◆ SUPPLIED DATA ◆
***

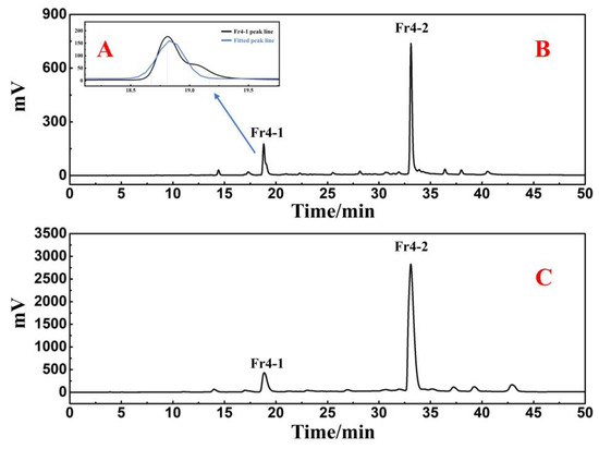 Fr4 was separated in a Reprosil-Pur C18 AQ preparative column using an injection volume of 0.5 mL and a flow rate of 19 mL/min. The analytical chromatogram and preparative chromatogram results of Fr4 are shown in Figure 3B,C. After repeating the purification method six times, two active fractions were finally collected and labeled as Fr4-1 (104.2 mg) and Fr4-2 (377.2 mg). The remaining inactive chromatographic peaks were directly discarded.
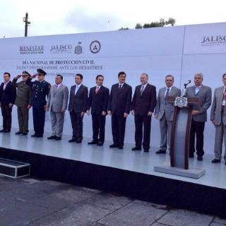 Arturo Zamora Jiménez, durante la conmemoración del Día Nacional de Protección Civil que se realizó en la Plaza Liberación del Centro Histórico de Guadalajara.
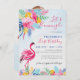 Navy Pink Tropical Wild Forest Flower Birthday Invitation
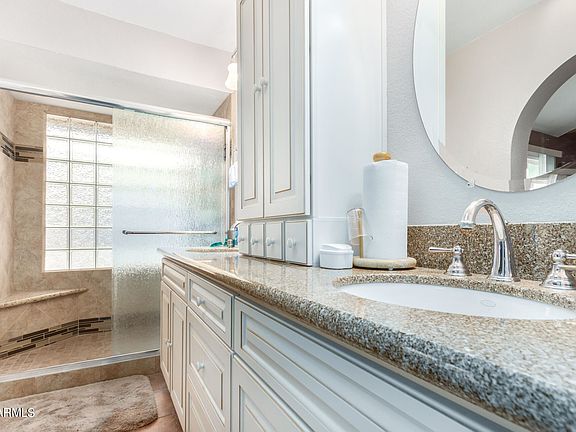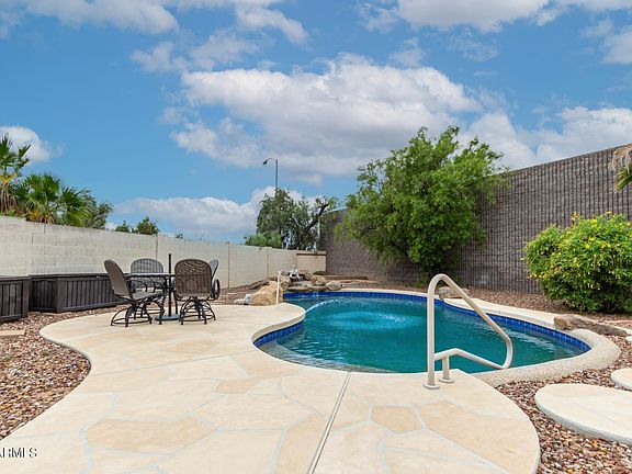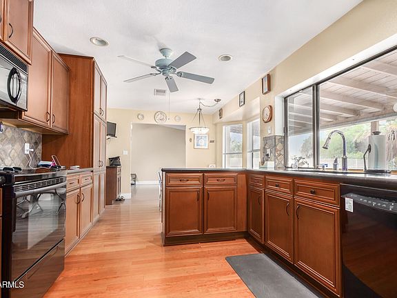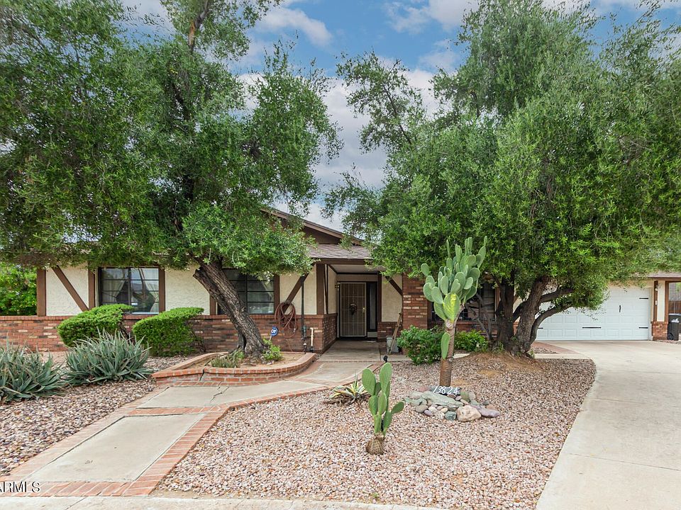 Spacious 4 bed, 2 bath single-level home, 2 car garage, RV gate, Pool & beautiful landscaping in a fantastic Scottsdale location! Inside is a formal dining/living area, designer paint, vaulted ceilings, family room w/brick fireplace, wood floors & plush carpet in all the right places. The kitchen has black granite counters, huge windows, plethora of staggered cabinets, recessed lighting, and a breakfast room w/bay window. Owner's suite has access to the back, walk-in closet, and an ensuite w/dual sinks. Hall bath has dual sinks with granite and tub/shower combo. Entertain your guests in this large backyard with a covered patio, BBQ area, and a sparkling fenced pool w/water feature for those hot summer days. Leased Solar panels, low elec bills. NO HOA! Easy access to 101 Fwy! Must see!

***

◆ TRY IT ◆
Transcribe the opening line of the listing above, please, and every line after it through the line with "Navy Pink Tropical", word for word, without pictures.

◆ OUTPUT ◆
 Fr4 was separated in a Reprosil-Pur C18 AQ preparative column using an injection volume of 0.5 mL and a flow rate of 19 mL/min. The analytical chromatogram and preparative chromatogram results of Fr4 are shown in Figure 3B,C. After repeating the purification method six times, two active fractions were finally collected and labeled as Fr4-1 (104.2 mg) and Fr4-2 (377.2 mg). The remaining inactive chromatographic peaks were directly discarded.
 Arturo Zamora Jiménez, durante la conmemoración del Día Nacional de Protección Civil que se realizó en la Plaza Liberación del Centro Histórico de Guadalajara.
 Navy Pink Tropical Wild Forest Flower Birthday Invitation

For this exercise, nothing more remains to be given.